He is so talented that after a while you will grow to where you want to trade him because he just refuses to consistently use his talent and he plays no defense and hates contact as much as Vince.

Right now Jamal is the absolute most talented second rate player in the NBA


----------



## Rashidi (Oct 2, 2003)

> Right now Jamal is the absolute most talented second rate player in the NBA


You must have a funny definition of second rate.

He's a good shooter and has good handle (neither of which he is any better at than say, Steve Nash). What else is he talented at?


----------



## son of oakley (Dec 24, 2003)

I gotta say, while JC certainly shows flashes of brilliance, I've heard it said how talented he so many times I don't know what to do. 

First off, I think his handle is over rated. He's got a flashy, ankle breaking stutter step, no doubt, but from what I've seen, he's not got a great baseline to baseline handle. I don't trust him, for instance, not to TO on a break. Second, his shot is streaky, streakier than Starks'. But Johnny played strong too - popped a few too many threes, but would take it inside when neccessary. Third, JC plays D with his hands, which nets him a steal or two, but hardly keeps his man out of the middle. Fourth, his 3pt to free throw ratio is weak. Fifth, what am I forgetting?

Sure the guy has talent, but it's hyped because of his perimeter flash. But who needs perimeter flash when all it nets is a career .397 fg% (.395 now for all who think he's turned it around in NY)?

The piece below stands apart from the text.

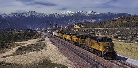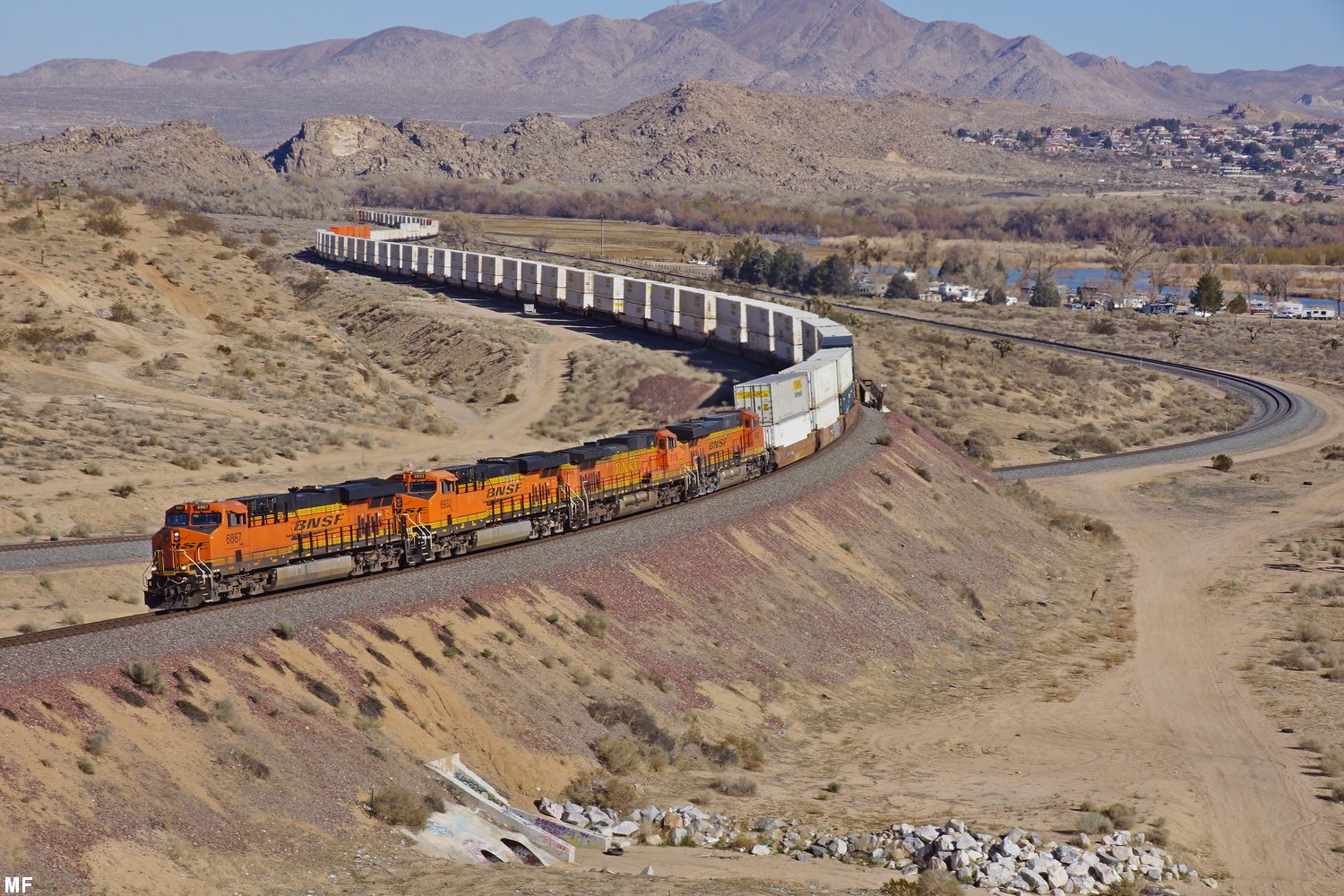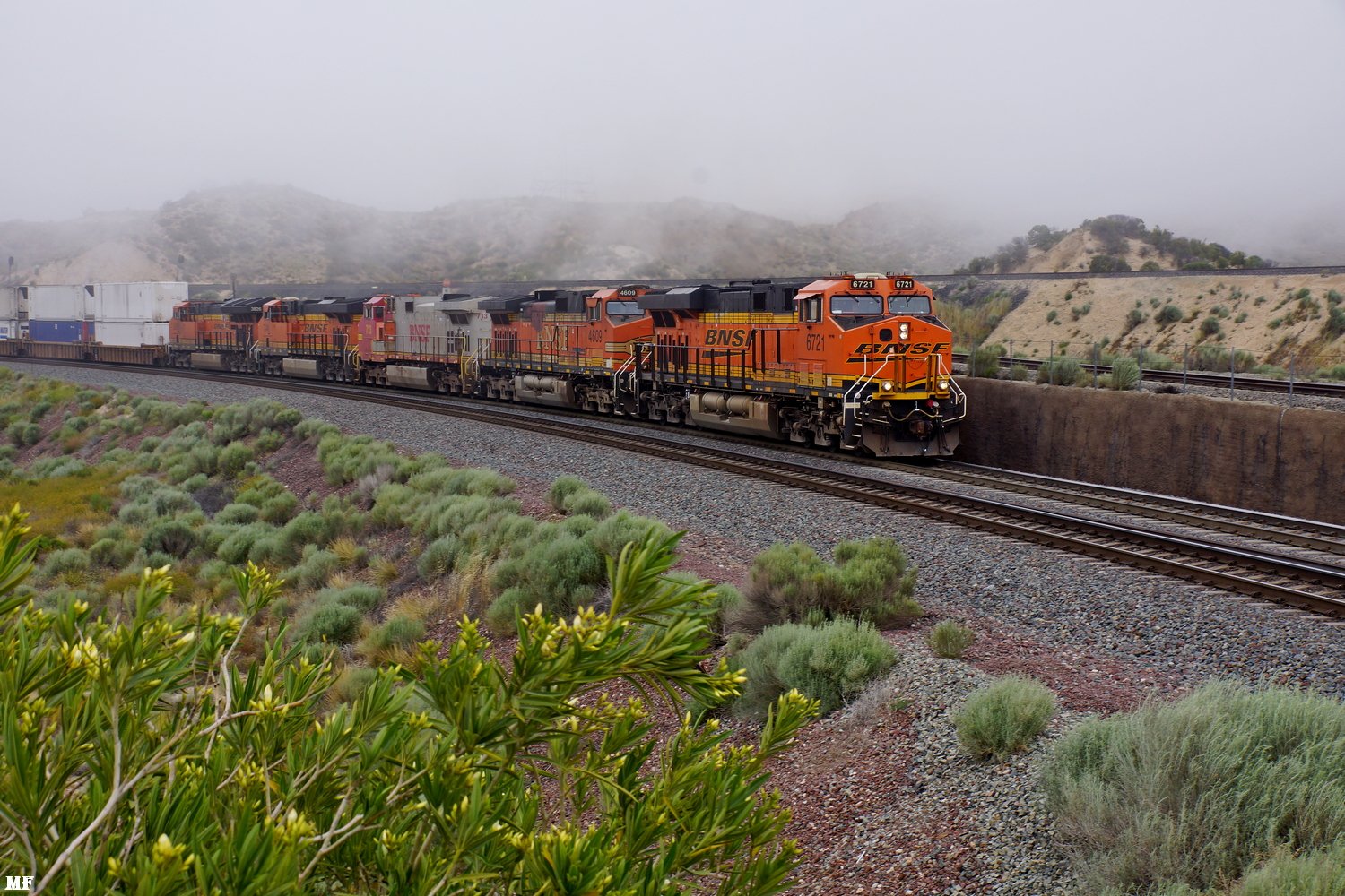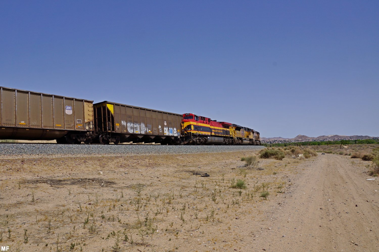 newest at the bottom - just scroll down! Some photos were taken at one of these locations below (we usually mention the place of the photo): Dagget, Barstow, Victorville/Narrows, Frost/Crossover, Hesperia, Lugo/Martinez, Summit, West Summit Island, Silverwood, Hill 582 Area, Alray/Tunnel Area, CP Walker/Davis Ranch Road, Mormon Rocks/Stein's Hill/Pine Lodge/HWY 138, Sullivan's Curve, Cajon Station/Junction, Graffiti Bridge, Swarthout Canyon Road Crossing, Blue Cut, Lower Canyon, San Bernardino, Colton Yard Bonos Photos - non Cajon Pass - are at the bottom of this page (just scroll down) Abbreviations found on this page: EB = East Bound, NB = North Bound, SB = South Bound, WB = West Bound, MT-1 = BNSF Main Track 1, MT-2 = BNSF Main Track 2, MT-3 = BNSF Main Track 3, UPT = UP Colton-Palmdale Cutoff Track, MP = Mile Post, DRR = Davis Ranch Road, DPU = Distributed Power Unit (Helpers), SC = Sullivan's Curve, SWC = Swarthout Canyon Road Crossing, WSI = West Summit Island, KCR = Kemper Campbell Ranch, JAC-BAR = San Jacinto to Barstow Train |

Talent? Sure, he's got talent, and I'm glad we picked him up, but a lot of his "hoopla" is style over substance.


----------



## Rashidi (Oct 2, 2003)

Rashidi agrees.


----------



## The True Essence (May 26, 2003)

i agree but we have to see that hes 24 years old and he really needs to see a weight room. we saw a 190 pound Tmac in toronto get stronger and become a 210 pound superstar. Jamal doesnt take it to the basket cause he would die. hes 170 at best. at his age he should be able to learn to tone down his chucking, and it has toned downa bit with lenny and marbury getting on him for it. im not saying he will improve at this, but he could. but its easy to say he wont, cause in all his years at chicago he hasnt. but then again, the coaches in chicago had no control. the teams sucked and i believe there were a couple of different coaches. one guy actually wanted to use the triangle (cartwright??)

but his free throw to 3 point shooting is horrible. hes jacking up 6.9 threes a game actually. i dont think Jamal is really a streak shooter though. i think hes a good shooter with bad shot selection. the nights where his numbers are like 4-14 are games where he goes to crossover guys and shoots fadaways with hands in his face. this year with marbury when he gets open looks he almost always makes them. thats why i think crawford struggles with marbury on the bench.


----------



## truth (Jul 16, 2002)

hes a suprisingly good catch and shoot player,especially when he squares up...Penny hit the nail on the head..Hes got to bulk up,and he has got to stop the crossover fadeaway from 25 feet..


----------